At the parliamentary elections in December, the four-party coalition won about two thirds of the seats in both the Senate and the Chamber of Deputies.

=== Dissolution ===

After the Centre Right Alliance (ACD) of PNL and PC dissolved in November 2013, the PC turned leftwards and aligned more with PSD and UNPR. As a result, the centre-right National Liberal Party (PNL) broke up the coalition on 25 February 2014 and entered opposition.

In the 2014 presidential election, PSD, UNPR, and PC would designate Victor Ponta as their united candidate, while the PNL formed a new Christian Liberal Alliance (ACL) with the Democratic Liberal Party (PDL), supporting Klaus Iohannis.

== Members ==

| Party |  | Abbr. | Leader | Ideology |
|---|---|---|---|---|
|  | Social Democratic Party | PSD | Victor Ponta | Social democracy Social conservatism Christian left |
|  | National Liberal Party | PNL | Crin Antonescu | Liberal conservatism Christian democracy Social conservatism |
|  | Conservative Party | PC | Daniel Constantin | Social conservatism National conservatism Humanism |
|  | National Union for the Progress of Romania | UNPR | Gabriel Oprea | Social democracy Social liberalism Progressivism |
|  | Green Party (until 2013) | PV | Remus Cernea | Green politics Green conservatism Anti-corruption |

==Electoral history==
=== Legislative elections ===

| Election | Chamber |  |  | Senate |  |  | Position | Aftermath |
| Votes | % | Seats | Votes | % | Seats |
| 2008 | did not exist^{1} | 144 / 334 | did not exist^{1} | 79 / 137 | – | Opposition to PDL-UNPR-UDMR government (2011–2012) |
USL government (2012)
| 2012 | 4,344,288 | 58.63 | 273 / 412 | 4,457,526 | 60.10 | 122 / 176 | 1st ^{2} | USL government (2012–2014) |
Alliance dismantled in March 2014 PSD-UNPR-UDMR-PC government (2014) PNL in opposition
PSD-UNPR-ALDE^{3} government (2014–2015) PNL in opposition
Supporting the technocratic Cioloș Cabinet (2015–2017)

- Notes
^{1} At the time of the formation (more specifically in February 2011) there were 144 Deputies (89 from PSD, 52 from PNL, and 3 from PC) and 92 Senators (53 from PSD and 39 from PNL)
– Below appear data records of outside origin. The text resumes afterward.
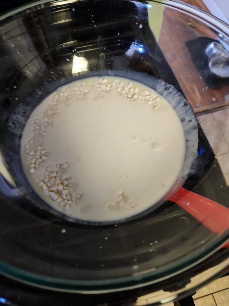 The day before you plan on doing most of the baking, create the ice cream base. In a saucepan, heat the white chocolate, soymilk, coconut cream, and agave syrup together in a double-boiler. Vegan white chocolate chips can be hard to find, but I used Enjoy Life White Chocolate Mini-Chips. King David’s also has a white chocolate, and Pascha’s is a last resort (they don’t melt very well). For whipping cream, Silk has a great one.
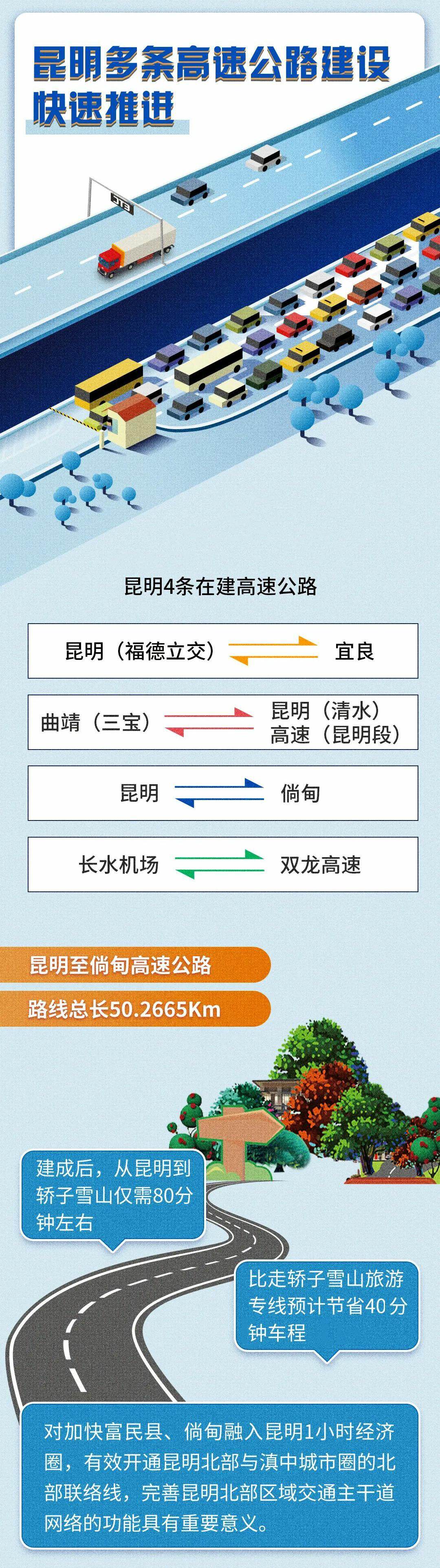 据介绍,昆倘高速公路项目主线起于昆明市五华区小普吉村昆明北三环处,止于昆明市富民县东村镇西北部大团田,设东村十字交叉枢纽与在建的武倘寻高速公路相接。路线总长50.2665千米,桥梁41座,隧道1座,于2019年开工建设。
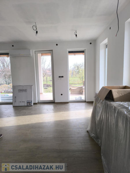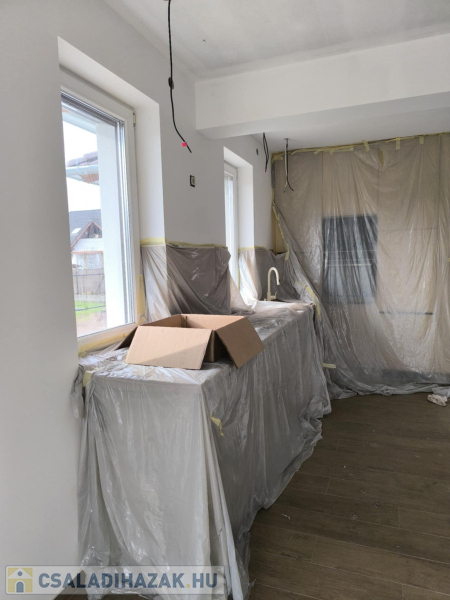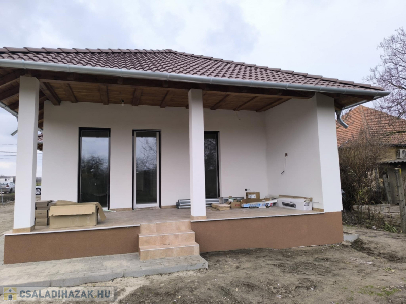 723 m²-es telken épülő, 74,4 m²-es modern családi ház, 15,5 m²-es terasszal. Minőségi alapok: vasbeton sávalap, Porotherm falazat, fafödém cellulóz szigeteléssel, Terrán tető, hőszigetelt homlokzat. Nyílászárók: fehér műanyag külső, fa belső.Helyiségek: amerikai konyhás nappali teraszkapcsolattal, 2 háló, fürdő, külön WC, közlekedő. Az ár tartalmazza:- Burkolatok: laminált padló 5.000 Ft/m², járólap/csempe 7.000 Ft/m²- Fehér festés- 2,8 kW napelem- Padlófűtés + kondenzációs kazán- 3,5 kW klíma Törölközőszárítós radiátor- 1×32 A elektromos hálózat- Redőny előkészítés- 2 WC, szaniterek 250.000 Ft-ig, épített zuhany- Viacolor járda kaputól a házig és teraszig. Egyedi igények teljesítése, megtekinthető referenciákkal. A képek az előző munka folyamatáról készültek! Az építkezés foglalózás után kezdődik, kivitelezés 6-8 hónap. Nyugati – 48 perc Budapest: 50 km, Ferihegy repülőtér: 35 km (M4 autópályán) Ne maradjon le erről a lehetőségről! Hívjon bátran hétvégén is: Alitisz Judit 0620 4004009 Nézze meg a képeket – és ha el tudja képzelni itt új otthonát, hívjon bizalommal!

^{2} USL was an alliance comprising two smaller alliances as follows: the Centre Left Alliance (ACS) and the Centre Right Alliance (ACD). The members of the Centre Left Alliance (ACS) were PSD (58 senators and 149 deputies) and UNPR (5 senators and 10 deputies). The members of the Centre Right Alliance (ACD) were: PNL (50 senators and 100 deputies) and PC (8 senators and 13 deputies).

^{3} ALDE was created in June 2015 from a merger of PLR (a splinter of PNL) and PC.

=== Local elections ===

==== National elections ====

| Year | County councilors |  |  | Mayors |  |  | Local councilors |  |  | Popular vote | % | Position |
| Votes | % | Seats | Votes | % | Seats | Votes | % | Seats |
| 2012^{1} | 4,203,007 | 49.68 | 723 / 1,338 | 2,782,792 | 33.99 | 1,292 / 3,121 | 2,630,123 | 32.74 | 12,668 / 39,121 | — | — | 1st |

| Year | County presidents |  |  | Position |
| Votes | % | Seats |
| 2012^{1} | 4,260,709 | 49.71 | 36 / 41 | 1st |

- Notes
^{1} Seats won independently by member parties of the alliance are not shown here.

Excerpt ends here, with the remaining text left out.